> **DIRECTIONS FOR THIS TASK**
For each line of the data that includes the word "Victor", copy the line.

---- DATA PROVIDED

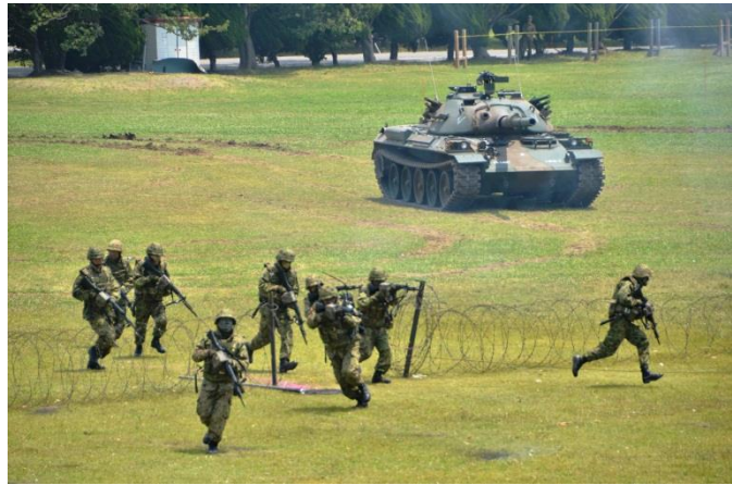
各種アトラクション
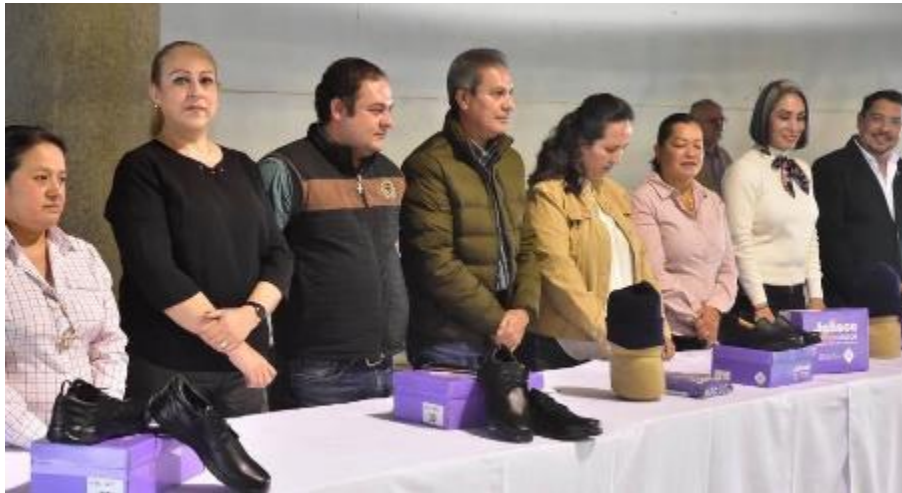
03 DE DICIEMBRE 2019
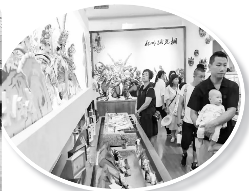
游客们参观服务区的非遗展览区
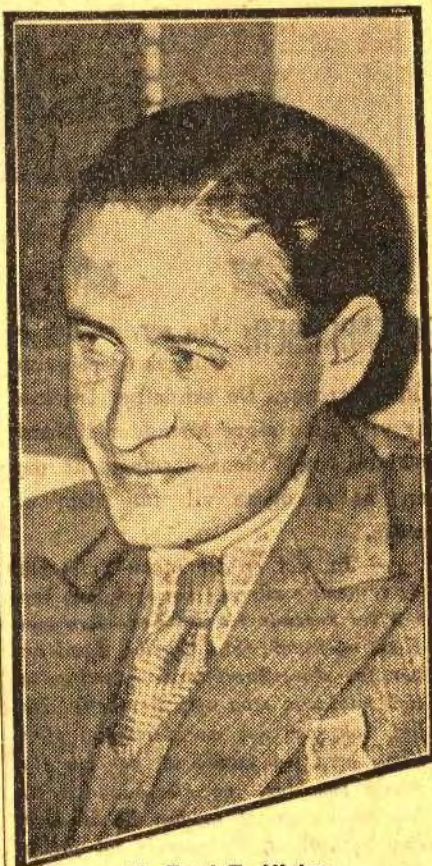
M. Paul E. Victor.

M. Victor oplyser endelig, at Franskmændene i Sommer agter at foretage en interessant Bjergbestigning i Østgrønland. Dr. Lauge Koch opdagede i Fjor under en Flyvning en Bjergkæde med 4—5000 Meter høje Bjerge, og dem vil man i Sommer undersøge nærmere.
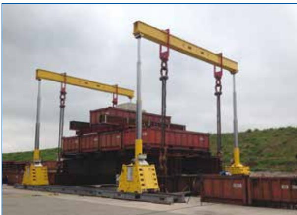
◀ Portique de la série SL-400 pendant un test de charge.

--------

> **REPLY TO THE TASK**
M. Paul E. Victor.
M. Victor oplyser endelig, at Franskmændene i Sommer agter at foretage en interessant Bjergbestigning i Østgrønland. Dr. Lauge Koch opdagede i Fjor under en Flyvning en Bjergkæde med 4—5000 Meter høje Bjerge, og dem vil man i Sommer undersøge nærmere.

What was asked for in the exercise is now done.